Once the Public Warrants become exercisable, the Corporation may redeem the outstanding Public Warrants:

in whole and not in part;
at $0.10 per warrant upon a minimum of 30 days' prior written notice of redemption provided that holders will be able to exercise their warrants on a cashless basis prior to redemption and receive a number of shares based on the redemption date and the "fair market value" of the Corporation's Class A Common Stock;
if, and only if, the value equals or exceeds $10.00 per share (as adjusted for share splits, share dividends, rights issuances, subdivisions, reorganizations, recapitalizations and the like); and
if the Reference Value (closing stock price for 20 out of 30 trading days) is less than $18.00 per share (as adjusted for share splits, share dividends, rights issuances, subdivisions, reorganizations, recapitalizations and the like), the Private Placement Warrants must also be concurrently called for redemption on the same terms as the outstanding Public Warrants, as described above.

 

The Private Placement Warrants are identical to the Public Warrants except that the Private Placement Warrants will be exercisable on a cashless basis and be non-redeemable except as described above so long as they are held by the initial purchasers or their permitted transferees. If the Private Placement Warrants are held by someone other than the initial purchasers or their permitted transferees, the Private Placement Warrants will be redeemable by the Corporation and exercisable by such holders on the same basis as the Public Warrants. Except as described above, if holders of the Private Placement Warrants elect to exercise them on a cashless basis, they would pay the exercise price by surrendering the warrants for that number of shares of Class A Common Stock equal to the quotient obtained by dividing the product of the number of shares of Class A Common Stock underlying the warrants multiplied by the excess of the “historical fair market value” (defined below) less the exercise price of the warrants, by the historical fair market value (a “Make-Whole Exercise”). For these purposes, the “historical fair market value” shall mean the average last reported sale price of the Class A Common

Stock for the 10 trading days ending on the third trading day prior to the date on which the notice of warrant exercise is sent to the warrant agent.

 

As of March 31, 2021, the aggregate values of the Public Warrants and the Private Placement Warrants were $44.4 million and $17.6 million, respectively, representing Warrants outstanding to purchase 27,599,938 shares and 10,933,333 shares, respectively, of the Corporation's Class A Common Stock.

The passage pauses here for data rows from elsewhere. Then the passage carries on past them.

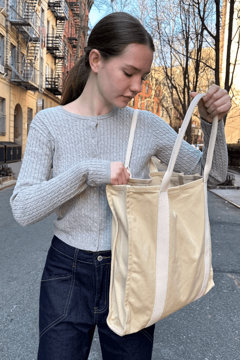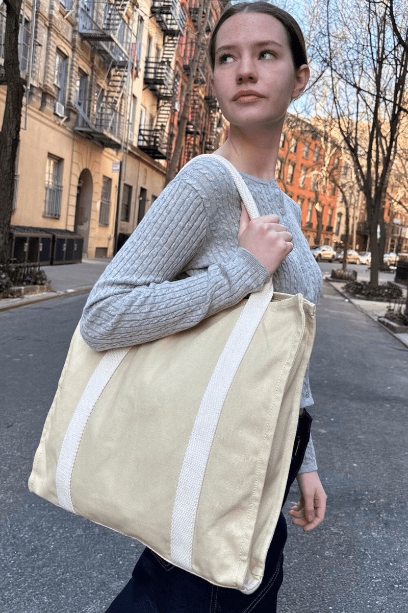 Discover the perfect blend of functionality and fashion with the Brandy Melville Tote Bag Ivory. This oversized canvas tote is designed for the modern individual who values both style and practicality. Ideal for everyday use, this tote seamlessly complements any outfit.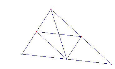 En todo triángulo, el segmento que une los puntos medios de dos de sus lados y la mediana del tercer lado se dividen mutuamente por la mitad.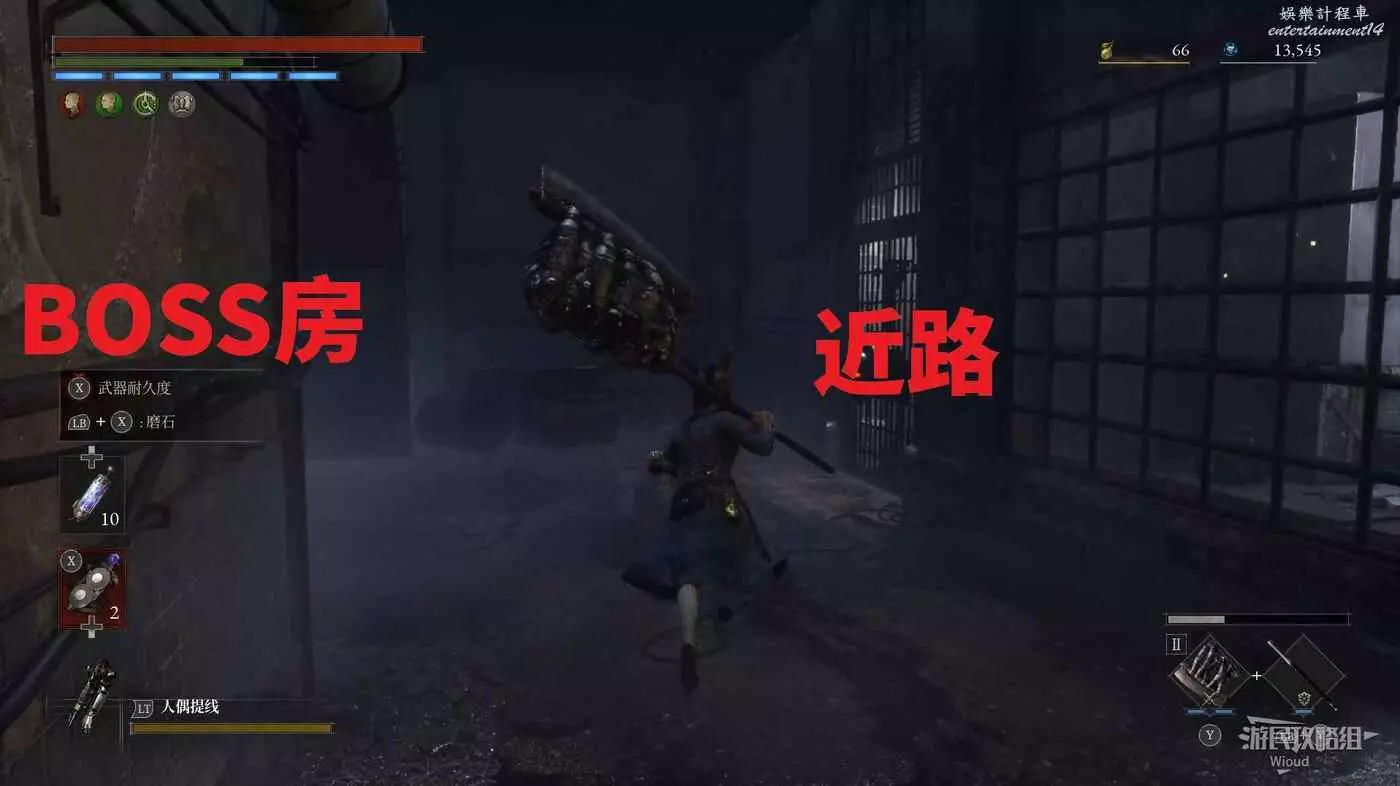 不遠處遇到一個坐在照片牆位置的精英怪,將其擊敗後穿過它右邊的房間,沿著樓梯到底部,解鎖左邊的大門開啟近路。

The Warrants are accounted for as liabilities in accordance with ASC 815-40 and are presented within warrants payable on the Condensed Consolidated Balance Sheet. The warrant liabilities are measured at fair value at inception and on a recurring basis, with changes in fair value presented within change in fair value of warrants payable in the Condensed Consolidated Statement of Operations and Comprehensive Loss. See Note 5, "Fair value measurements" for additional information.